Computer vision engineers enable machines to extract information from images and videos. Their work is transforming industries. It’s enhancing security systems, healthcare diagnoses, interactive entertainment, and augmented reality.
You must craft a great job description to find the best candidates for this highly specialized role. But this involves accurately conveying the technical skills, soft skills, and industry-specific knowledge required for the role – a difficult task.

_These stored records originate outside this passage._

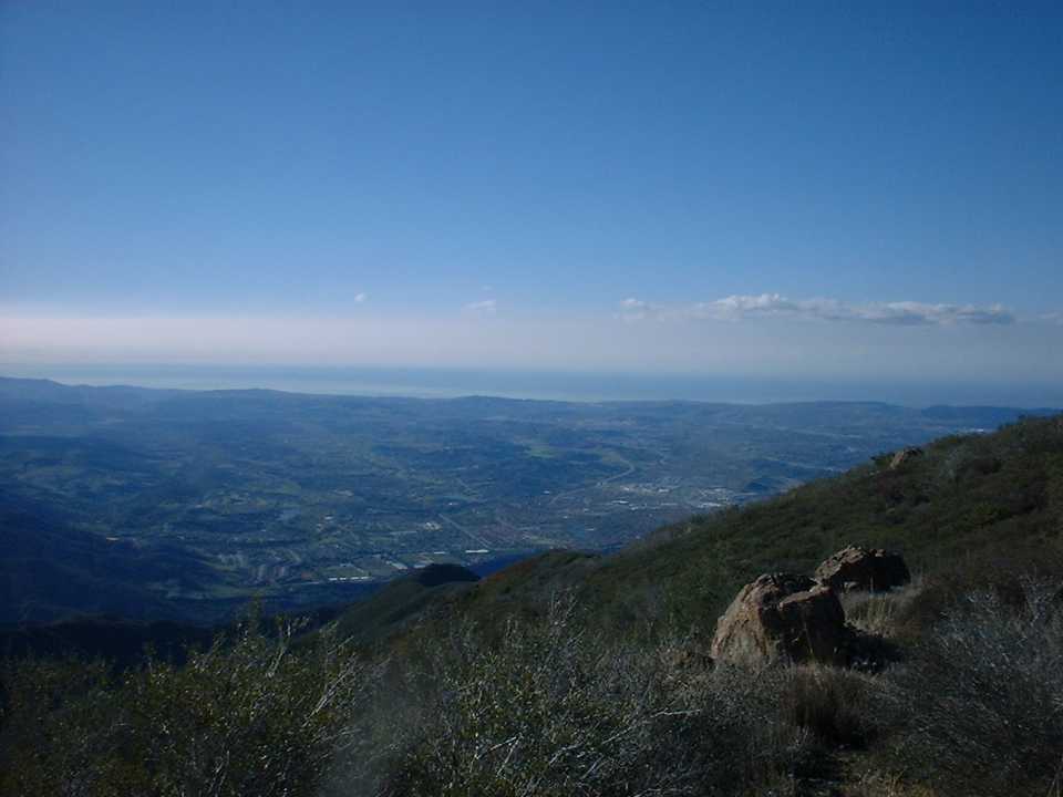 However all of the trials in the park were closed due to wet and muddy conditions. So I went to Plan B that had me following Live Oak Canyon road out to Santiago Canyon Road at Cook’s Corner. It was nice and warm down at this lower elevation of 922 feet so I shed off the layers and got back to shorts and a short sleeve jersey. After another quick bite to eat I was off. I was pretty tired at this point and the climb up Live Oak Canyon rode was quite taxing. About 3/4ths of a mile from Cook’s Corner you peak out and then a short blaze fest ensues. The bike computer had my max speed in this section at 43.5mph. It was very short lived as I hung a right at Cook’s Corner onto Santiago Canyon road. It was a mild climb at this point, but I was noticeable slower than I normally am on this section. After about 1.3 miles I hung a right onto Mojeska Grade road. This is a steep paved road that is always taxing but it was down right brutal at this stage of the ride. It was all I could do to get up this hill in the granny gear.My computer registered 33.4 miles when I finally peaked out at the top the hill (and the trailhead for the Santiago Truck Trail).From here it was another blaze fest down to Mojeska Canyon road.After that there was a short ride up a gentle rise back to Harding Truck trail.My bike computer ticked over 36 miles just as I stopped the bike. This was by far my longest solo ride ever and I felt quite satisfied with completing it. One of my goals for 2002 was to ride the Main Divide Truck trail from the top of Black Star Canyon to the top of the San Juan Trail (not all at once). This was the final section I need to do to meet that goal and I even had eight days to spare.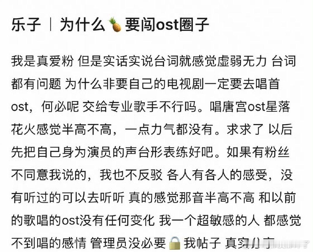 老🦌真爱粉挺清醒的,知道🦌姐声台形表都不太行至于为什么🦌姐要闯ost⭕️,这还能为什么,当然是为了捞💰啊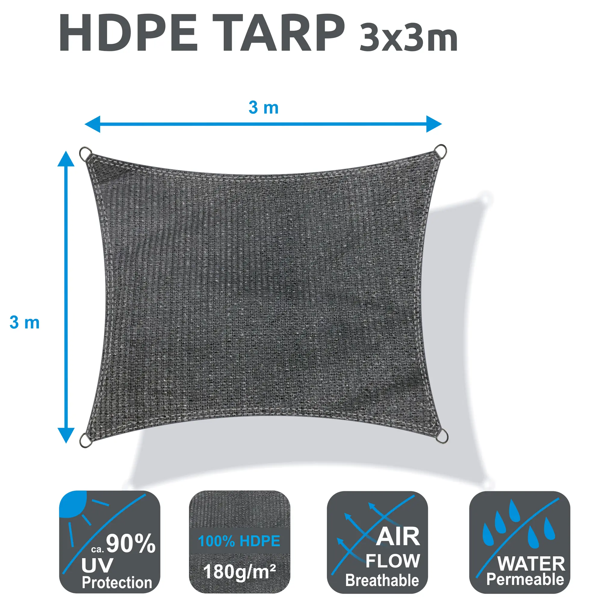 yourGEAR HDPE Tarp 3 x 3 Meter - Sonnensegel für Terrasse, Balkon, Camping, Garten, Festival und Events - luftiger Schattenspender mit 90% UV-Schutz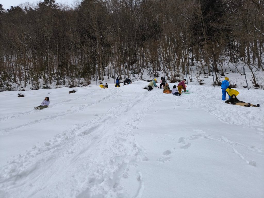 少し休憩をした後は、裏の斜面でソリ滑り等でさらに楽しみます。

We can help simplify this process. In this article, we explain the main skills to focus on and mistakes to avoid while writing a computer vision engineer job description.
A computer vision engineer develops algorithms and systems that enable computers to understand visual data, including images and videos.
Using machine learning and artificial intelligence, they craft software that can recognize patterns, objects, and scenes. This technology powers various applications, including facial recognition systems, augmented reality, and autonomous vehicles.
By extracting useful information from visuals, computer vision engineers bridge the gap between human vision and machine perception.
Here are some must-have skills for a computer vision engineer.
Proficiency in programming languages including Python, C++, or Java, focusing on algorithms and data structures applied explicitly in computer vision projects
Knowledge of machine learning and deep learning frameworks, including TensorFlow or PyTorch
Knowledge of neural networks – especially convolutional neural networks (CNNs)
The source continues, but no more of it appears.